Размазывая последнего врага очередью по черному боку «Рендж Ровера», Наум поймал себя на мысли, что понял, почему полиция ни одной страны мира не может победить преступность. Дело в языке. Полиция и братки говорят на разных языках. А надо, чтобы говорили на одном, многонациональном, который поймет каждый бандит. «С вами надо говорить на языке пули», - вслух произнес Наум и посмотрел, как албанец стекает с бока джипа на землю, оставляя на нем кровавые разводы.
Выкинув из «Ровера» мертвого водителя, Наум залез за руль, вытерев сиденье от крови валяющимся на заднем сиденье албанским флагом, и доехал на нем до своего «БМВ».

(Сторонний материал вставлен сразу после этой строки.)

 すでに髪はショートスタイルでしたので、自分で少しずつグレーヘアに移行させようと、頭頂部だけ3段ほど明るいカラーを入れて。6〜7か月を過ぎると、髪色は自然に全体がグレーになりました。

Дождь закончился. Наум снял бронежилет и вместе с «Фамасом» сбросил его в неизвестно откуда взявшийся посреди пустыря люк канализации. После этого он запихал рюкзак с дурью в багажник «БМВ», сел за руль и завел машину. Через десять минут Наум вырвался из мира футуристических зданий Марн-ля-Валле, где скромные французы, не нашедшие себя в большом Париже, похоронили свое будущее здесь, в маленьком Париже, среди серых стен, на которые ссут арабы и негры, навсегда.
Наум взял валяющийся на сиденье телефон:
- Да, Волков. Все у меня. Говори, куда надо подъехать. Я думаю, ты сам понимаешь, что глупости делать не надо.

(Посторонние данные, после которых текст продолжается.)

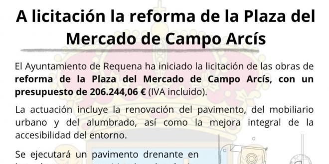 A licitación la reforma de la Plaza del Mercado de la pedanía requenense de Campo Arcís
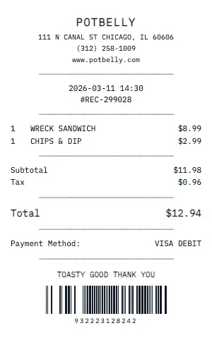 Need a Potbelly restaurant receipt? Our generator creates authentic dining receipts complete with itemized food and beverage orders, server name, table number, tip line, and gratuity calculations. Whether you're documenting a business dinner or replacing a faded receipt, ProReceiptMaker delivers the most realistic Potbelly receipt available online.
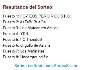 Lista de participantes: FC-FEOS PERO RICOS F.C., Underground f.c, AsTaBuRuaGa, YKR, Los Matadores Azules, Orgullo de Aslam, FC TripodeS, Los Ma9nates.
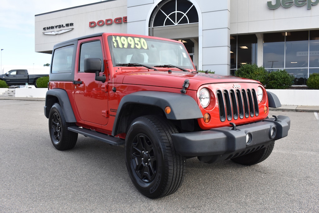 Clean CARFAX. Flame Red Clearcoat 2013 Jeep Wrangler Sport 4WD 6-Speed Manual 3.6L V6 24V VVT 16" x 7.0" Luxury Styled Steel Wheels, 3.73 Rear Axle Ratio, 4-Wheel Disc Brakes, 6 Speakers, ABS brakes, Air Conditioning, AM/FM radio, Black 3-Piece Hard Top, Brake assist, CD player, Cloth Bucket Seats, Compass, Dual front impact airbags, Electronic Stability Control, Freedom Panel Storage Bag, Front anti-roll bar, Front fog lights, Integrated roll-over protection, Low tire pressure warning, Normal Duty Suspension, Occupant sensing airbag, Outside temperature display, Power steering, Quick Order Package 23B, Radio: Uconnect 130 AM/FM/CD/MP3, Rear anti-roll bar, Rear Window Defroster, Rear Window Wiper/Washer, SIRIUS Satellite Radio, Speed control, Steering wheel mounted audio controls, Sunrider Soft Top, Tachometer, Tilt steering wheel, Tinted Rear Quarter & Liftgate Windows, Traction control, Trailer Tow Group, Trailer Tow w/4-Pin Connector Wiring, Trip computer, Variably intermittent wipers.
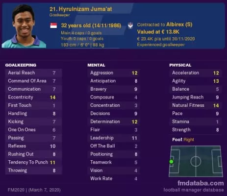 Hyrulnizam Juma'at is a Singaporean footballer who plays for Albirex Niigata Singapore and the Singapore national football team. Hyrulnizam started his professional footballing career with S.League club Young Lions, and has played as a goalkeeper for the entirety of his career.
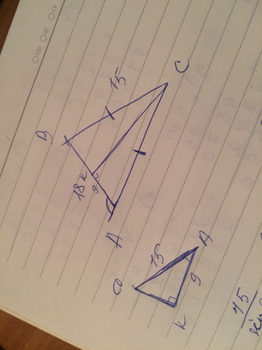 Так как стороны АС и ВС равны, то этот треугольник равнобедренный. Высота, опущенная на основание в равнобедренном треугольнике также является медианой, то есть эта высота разделит сторону АВ пополам. Мы получаем новый прямоугольный треугольник, например, АСК, где угол К = 90, СА = 15 по условию и АК = 9 по только что доказанному. По теореме синусов получаем, что 15sin90 = 9sinA, отсюда получаем, что sinA = 915 (так как синус 90 равен 1), сокращаем и получаем sinA=35. Синусы смежных углов равны, а значит, что синус внешнего угла при вершине А равен синусу внутреннего угла при это вершине, то есть 35
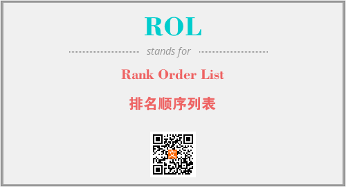 上述内容是“Rank Order List”作为“ROL”的缩写,解释为“排名顺序列表”时的信息,以及英文缩略词ROL所代表的英文单词,其对应的中文拼音、详细解释以及在英文中的流行度和相关分类、应用领域及应用示例等。
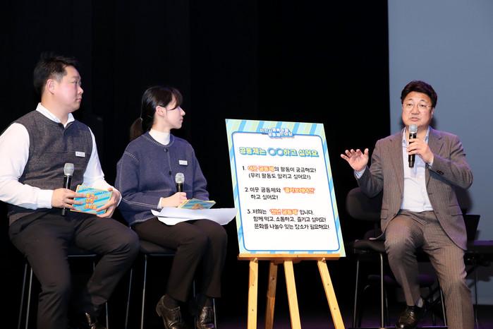 경기 이천시가 11일 이천아트홀 소공연장에서 엄태준 시장을 비롯 마을공동체 활동가와 시민 등 200여명이 참석한 가운데 '2019년 행복마을공동체 한마당' 행사를 개최했다. 사진은 엄 시장(오른쪽)이 토크콘서트에서 시민들의 질문에 답하는 모습. (사진제공=이천시청)
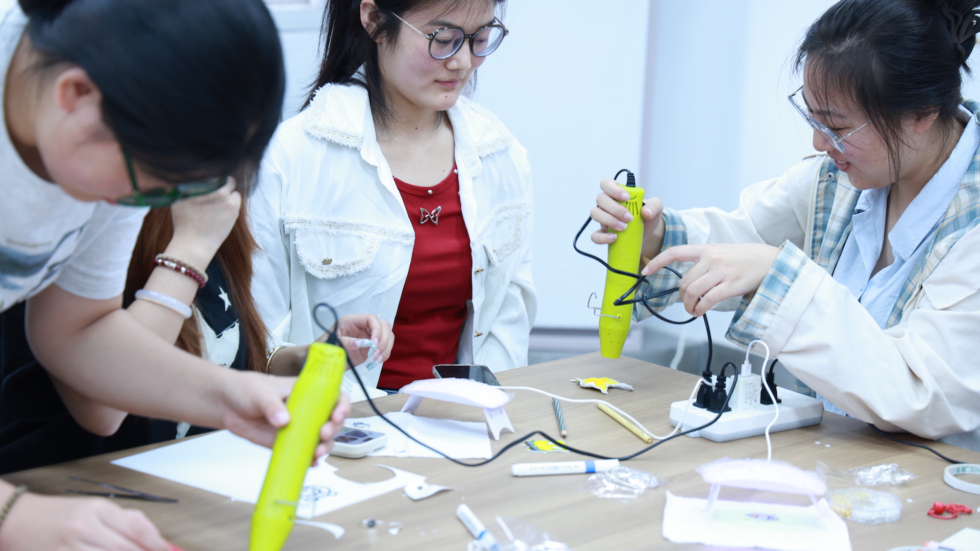 活动现场洋溢着轻松愉悦的创造气息,在徐老师的指导下,一片片原本普通的透明胶片,在同学们专注的创作和神奇的热风作用下,逐渐“浓缩”为色彩鲜艳、造型各异的精美挂件或钥匙扣。

Наум прибавил газу, и «БМВ» помчался назад, к Эйфелевой башне, с которой издалека видно любое дерьмо, кроме того, что навалили прямо у ее подножья…
Пригород Парижа, Марн-Ля-Валле. Фото взяты из свободных источников
3 глава. Осенние хризантемы ненависти-7
Париж, район Северного вокзала, осень 2007 года
Наум остановился в переулке напротив магазинчика Волкова. Он вышел из машины, держа в руках рюкзак с кокаином, из-за которого и так уже погибло слишком много людей. О тех, кого эта дурь еще убьет, Наум старался не думать. Когда он подошел ко входу, дверь распахнулась, и из нее выпорхнула Вика и сразу повисла на его шее. Она от радости покрывала его лицо поцелуями. Но Наум, ответив ей коротким поцелуем, снял девушку с себя и бросил рюкзак на бетонный порожек возле магазина к ногам вышедшего из двери Волкова.
- В машине подожди, - Наум посмотрел на Вику.
Та, не задавая лишних вопросов, исчезла.
- Завидую вам, - Волков поднял рюкзак и передал его своему помощнику, - молодость - это то, что не купишь.
- А старость - это то, до чего еще надо дожить, - усмехнулся Наум, - теперь мы в расчете?
- Вроде как да, - Волков пожал плечами, - так ты мне и должен-то особо не был.
- Был, - покачал головой Наум, - такие, как ты, Волков, долги с воздуха рисуют, художники хреновы. Как старуха-процентщица. Раскольникова читал? Про Питер там.
- Читал, - улыбнулся Волков, - в тюрьме, когда делать нечего, читаешь много. И про преступление, и про наказание. Знаешь, вот все говорят, - Волков посмотрела на Наума, - что наказание неизбежно. А я вот считаю, что преступление тоже неизбежно. Нельзя всю жизнь по прямой идти. Рано или поздно оступишься.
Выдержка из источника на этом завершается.